When I was in the fairy tale and miserable and Oliver came to check on us, I instinctively told him things were great, even though they weren’t. It was Frump who said, afterward, that we all hide things to make the people we love happy.
So I forced a smile onto my face, a square peg in a round hole, a shoe two sizes too small.
I told her we’d better start working on her bucket list.
When I was five, my mother and I went apple picking on Cape Cod. It was September, and the farm had a corn maze. The air smelled like cider and fresh-baked donuts, and families were dotted throughout the orchard, collecting apples in canvas sacks. It was sunny and cold all at once, and the sky was so blue it looked like a movie backdrop. A shaggy horse pulled a wagon to the parts of the orchard where the trees hadn’t been picked over yet. My mom and I walked as far as we could, to the edge of the field, where a bored teenager took our money to let us into the maze.
The stalks were taller than me. I ran down the straight edge of the corridor, high-fiving the fronds like they were my adoring fans. My mom chased after me, careful to make sure I didn’t get too far ahead.
It was dusty and dry, and after about fifteen minutes my eyes and my throat began to itch. My mother scooped me up and put me on her shoulders so I could be her periscope, but even with that vantage point we weren’t tall enough. I was pretty sure we were going in circles.
After a while the sun lit the tips of the cornstalks, as if they were candles. I was hungry and tired, deadweight in my mother’s arms. Edgar, she said, desperate times call for desperate measures.
Instead of turning at the next fork in the maze, my mother kicked at the stalks with her boots, creating a small passage. Like ghosts, we began to walk through the walls. Finally we got spit out on the far edge of the farmland, in a field we had never seen before. It was like someone had pulled the rip cord, and night floated down over us.
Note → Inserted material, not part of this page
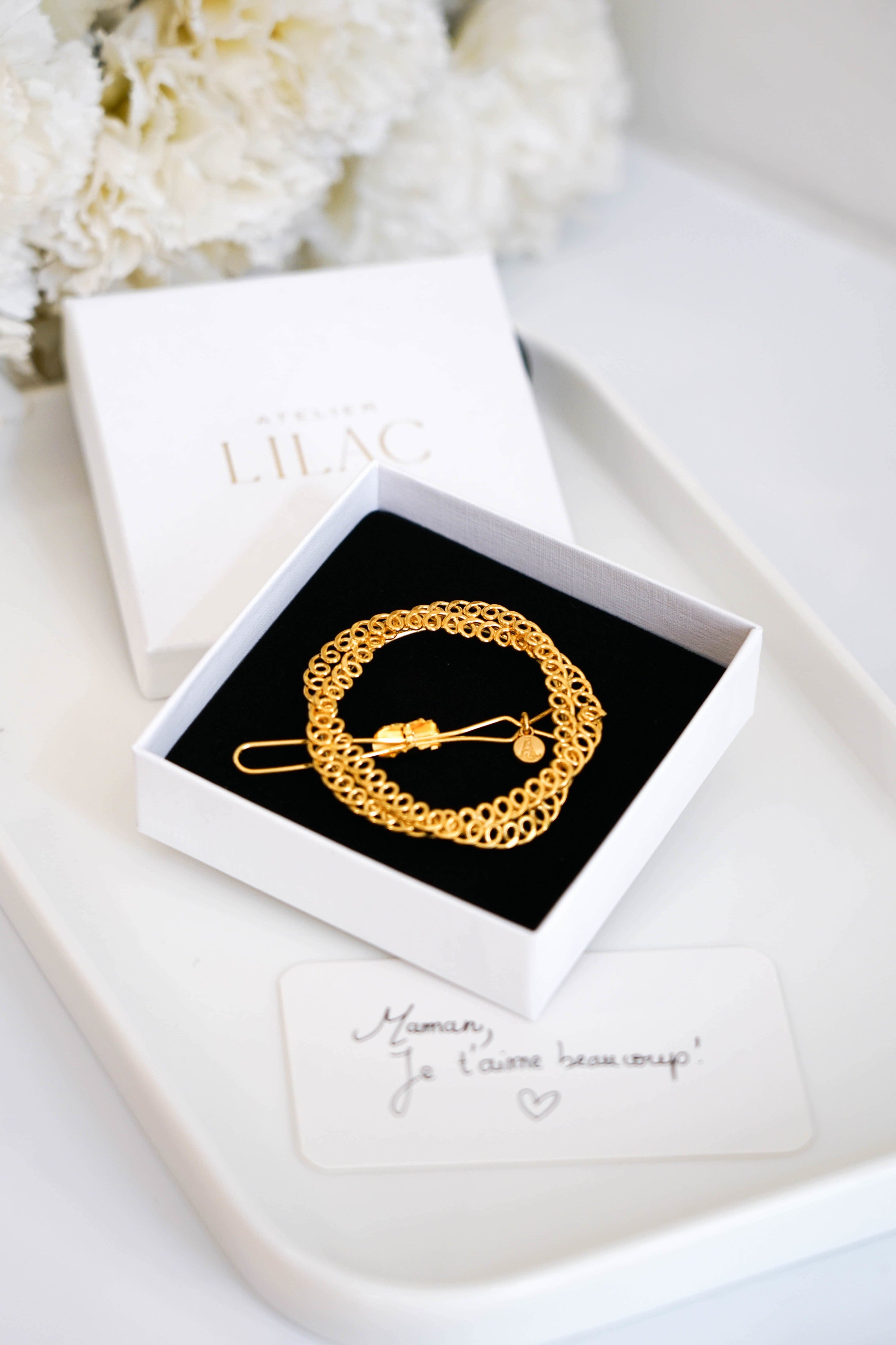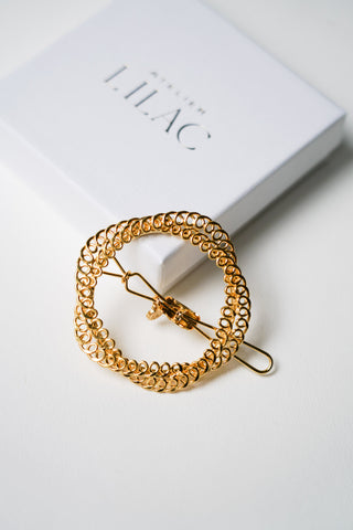 Nossa presilha Ensemble é um acessório de cabelo moderno e minimalista. Esta criação foi feita em nossa oficina. Sua estrutura circular é feita de fios de bronze enrolados. A peça final é banhada em ouro 24k para a versão dourada ou em prata 925 para a versão prateada. Esta joia para a cabeça será o complemento perfeito para o seu look. Gracioso em cabelos curtos e longos!

“Where are we?” I asked. Everything looked unfamiliar, and I was starting to get that weird feeling in my stomach that came when I was scared.
My mother took my hand. Let’s find out, she said, and just like that, I wasn’t afraid. I was on an adventure.
Jules is right.
My mother is going to die if she stays here.
But what if she didn’t have to?
Given the number of times characters have traded places with ordinary people, there’s got to be a way. And no one would know that way better than the author of the fairy tale. But that means coming clean with my mother and explaining everything that’s happened.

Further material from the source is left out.